Police Dispatch

Hitting the Wall

East River Road and North Dodge Boulevard, Dec. 19, 12:14 a.m.

A boy staying at a group home for juvenile delinquents attempted to escape from deputies who were going to arrest him, but instead ran head-first into a 7-foot brick wall, a Pima County Sheriff's Department report said.

The boy and a friend allegedly filled glass bottles with gasoline they had taken from a storage closet at the VisionQuest Group Home, 3571 E. River Road. A witness said they then placed gas-soaked rags into the bottles, lit them on fire and lobbed them against a wooden fence surrounding the perimeter of the establishment.

Deputies decided to book the boys at Pima County Juvenile Detention Center, allegedly causing one of them to flee. Two staff members restrained him, the report said, after he hit the wall.

The other boy "was no problem at all," a deputy noted.


Tip Your Officer

UA Area, Dec. 23, 1:15 a.m.

A man suspected of driving drunk held out a $20 bill when asked to furnish his driver's license, proof of insurance and registration, a University of Arizona Police Department report said.

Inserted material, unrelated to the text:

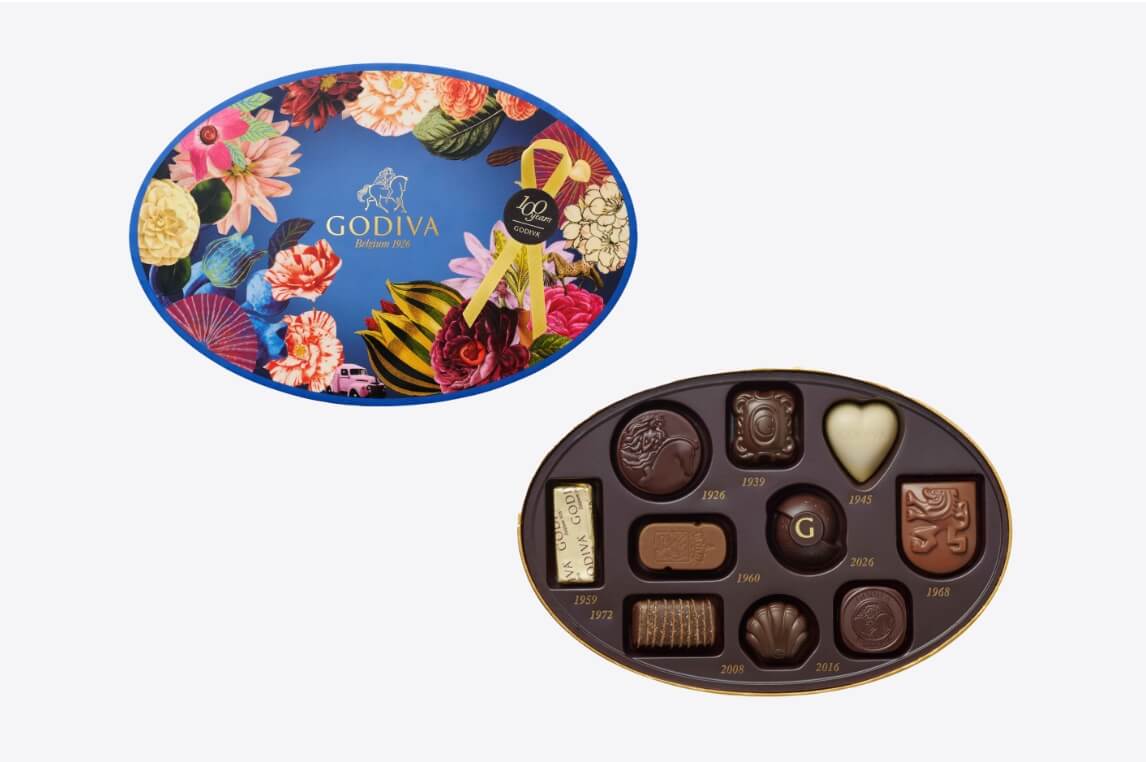 100周年を迎えるゴディバが送り出す、ベルギー王室御用達として伝統の継承と共に革新を重ねてきた100年のアーカイブショコラコレクション。時代を超えて愛され続けるチョコレートから100周年記念粒までを、シックで華麗なパッケージに詰め合わせました。これまでの軌跡と未来に想いを馳せて、驚きと喜びを運ぶ”遊び心”を込めたチョコレートと共に、100年の歴史を巡る旅をお楽しみください。

Clinton Royal Beebe, 21, retracted the bill, and then handed the officer his driver's license, the report said.

The officer wrote that the suspect smelled of alcohol and was reluctant to make eye contact.

Beebe, who said he was driving a company car, failed sobriety tests that were administered on the scene. A breath test showed he had a blood alcohol content of .155, well above the legal limit of .08. Beebe reportedly admitted drinking four beers at a local bar before getting behind the wheel.

An officer arrested Beebe for driving under the influence.


The Mysterious Potato Bomb

West Overton Road and North La Cholla Boulevard, Dec. 17, 12:14 p.m.

A woman heard a loud noise while driving her son to karate class, and later discovered a potato lodged in her headlight, a PCSD report stated.

The woman said she was surrounded by two or three "SUV-type" vehicles when she heard the noise. She told a telephone operator that at first, she thought someone had blown a tire.

When she arrived at her destination, however, she found a potato had smashed a side headlight on her Ford Econoline van. The karate instructor told her he thought it was a "potato bomb."

Damages were estimated at $150. There were no suspects at the time of the report.